(Records from a data source)
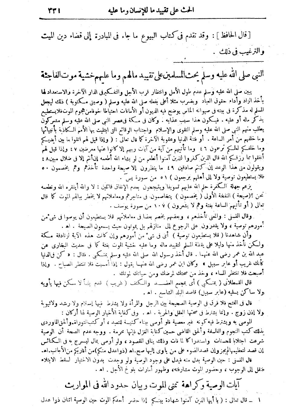 آيات الوصية وكراهة تمني الموت وبيان حدود الله في المواريث
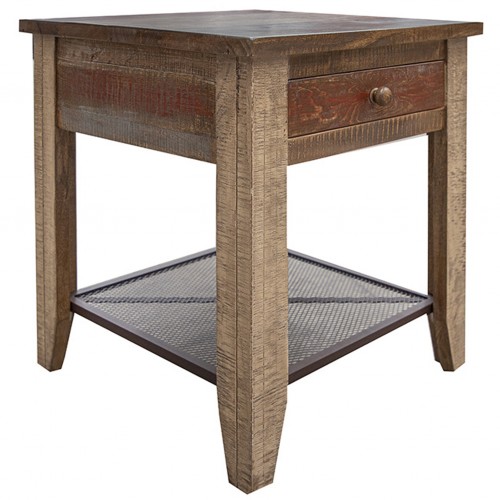 - Solid wood with a multi-color dry brush detail
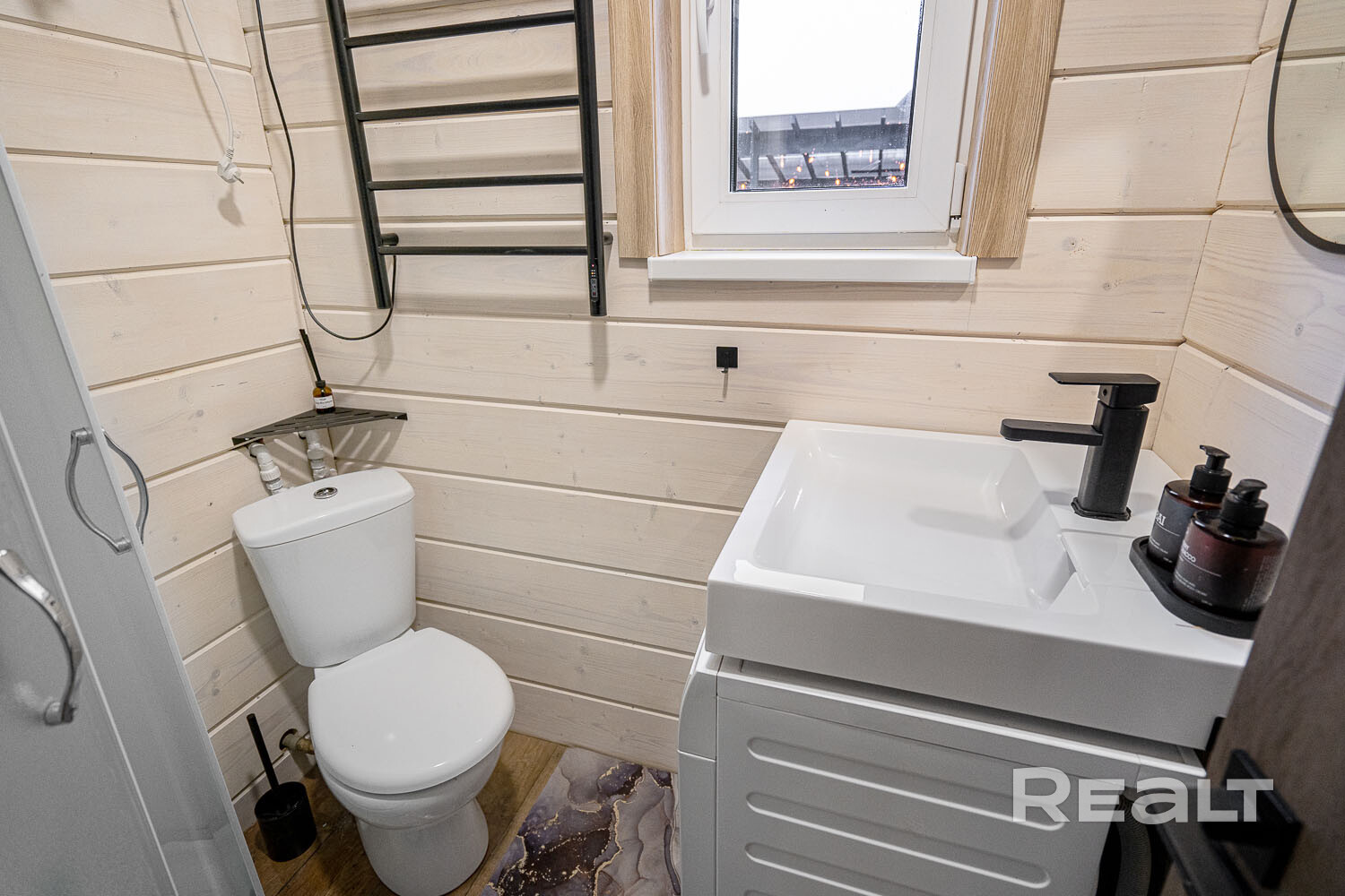 Совмещенный санузел идет с душевой кабиной. Вода в дом введена из скважины, установлена станция биологической очистки. Бойлер и полотенцесушитель оборудованы умной розеткой, которая позволяет управлять ими удаленно. Сделан теплый пол. Температуру в комнатах также можно регулировать удаленно.
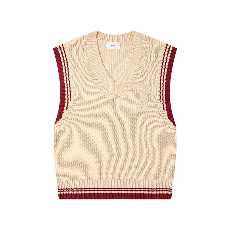 AMIPARIS Knitted Striped V-Neck Drop-Shoulder Wool Sweater-5156
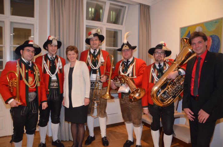 Weihnachtsbläser der Stadtmusikkapelle Wilten verbreiteten am 19. Dezember vorweihnachtliche Stimmung im Innsbrucker Rathaus: „Das ist eine liebgewonnene Tradition“, bedankte sich die Bürgermeisterin für das Weihnachtsständchen im Stadtsenatssitzungszimmer.
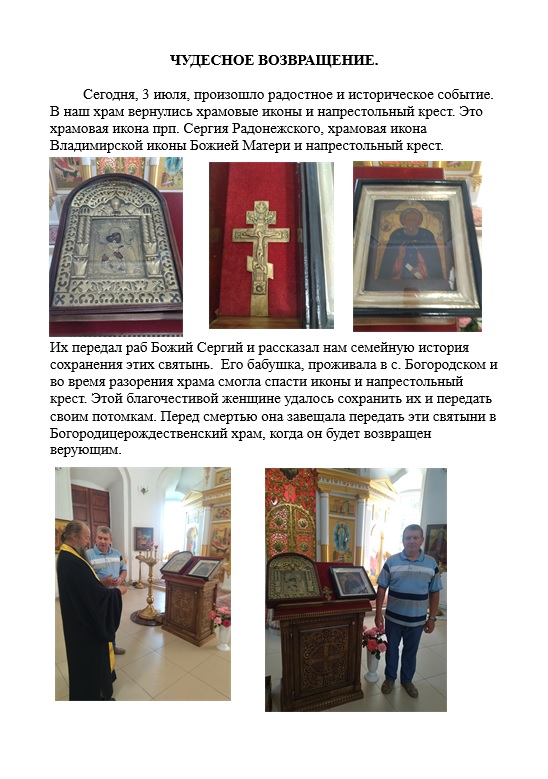 Их передал раб Божий Сергий и рассказал нам семейную история сохранения этих святынь. Его бабушка, проживала в с. Богородском и во время разорения храма смогла спасти иконы и напрестольный крест. Этой благочестивой женщине удалось сохранить их и передать своим потомкам. Перед смертью она завещала передать эти святыни в Богородицерождественский храм, когда он будет возвращен верующим.
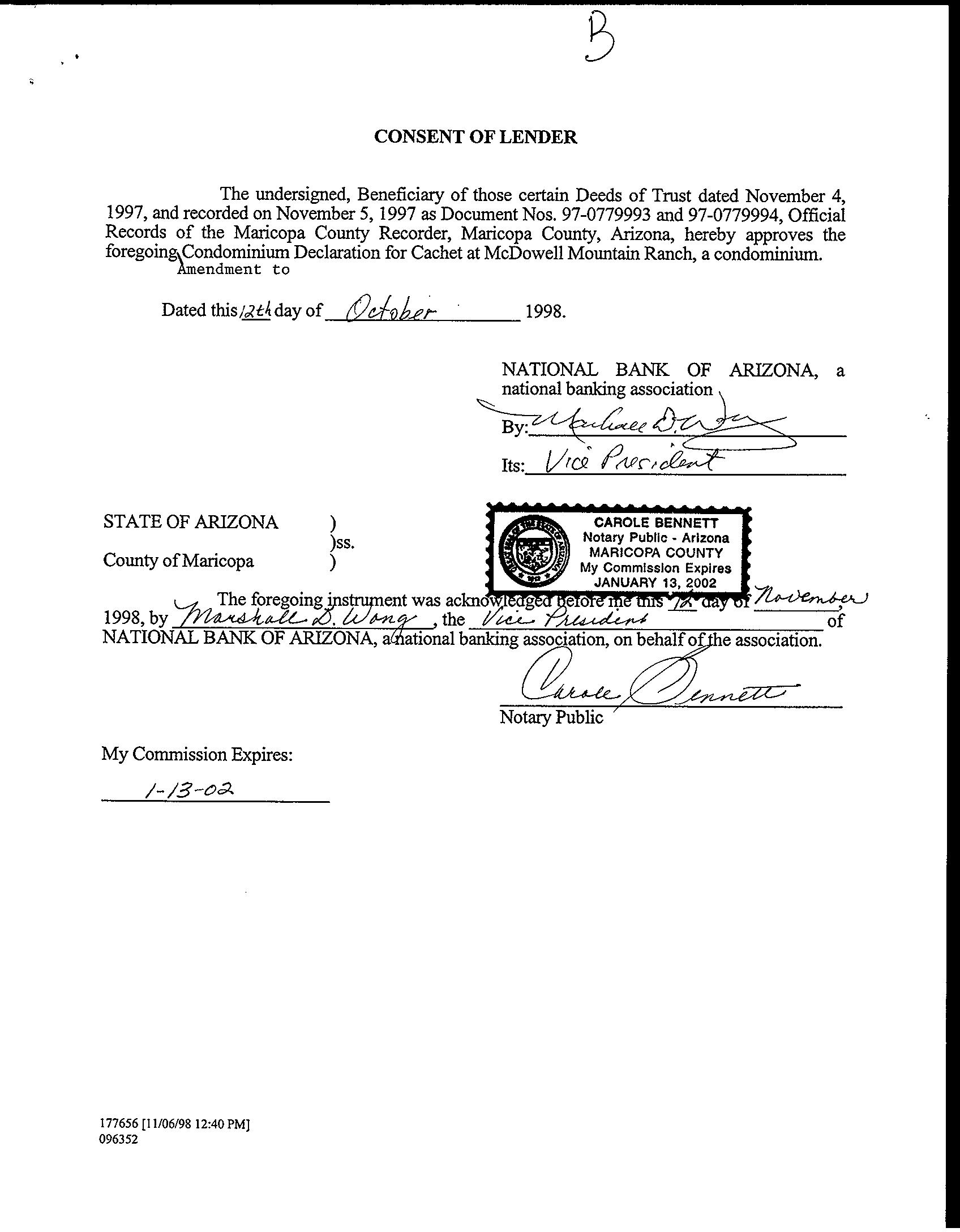 MARICOPA, AZ Document:MIS 1998.1019453B Page:12 of 12 Printed on:2/9/2023 11:21 AM Branch :FC0 User :JSTI

### EXERCISE
Produce an exact reprint of the entries, dropping the images.

### SOLUTION TO THE EXERCISE
 آيات الوصية وكراهة تمني الموت وبيان حدود الله في المواريث
 - Solid wood with a multi-color dry brush detail
 Совмещенный санузел идет с душевой кабиной. Вода в дом введена из скважины, установлена станция биологической очистки. Бойлер и полотенцесушитель оборудованы умной розеткой, которая позволяет управлять ими удаленно. Сделан теплый пол. Температуру в комнатах также можно регулировать удаленно.
 AMIPARIS Knitted Striped V-Neck Drop-Shoulder Wool Sweater-5156
 Weihnachtsbläser der Stadtmusikkapelle Wilten verbreiteten am 19. Dezember vorweihnachtliche Stimmung im Innsbrucker Rathaus: „Das ist eine liebgewonnene Tradition“, bedankte sich die Bürgermeisterin für das Weihnachtsständchen im Stadtsenatssitzungszimmer.
 Их передал раб Божий Сергий и рассказал нам семейную история сохранения этих святынь. Его бабушка, проживала в с. Богородском и во время разорения храма смогла спасти иконы и напрестольный крест. Этой благочестивой женщине удалось сохранить их и передать своим потомкам. Перед смертью она завещала передать эти святыни в Богородицерождественский храм, когда он будет возвращен верующим.
 MARICOPA, AZ Document:MIS 1998.1019453B Page:12 of 12 Printed on:2/9/2023 11:21 AM Branch :FC0 User :JSTI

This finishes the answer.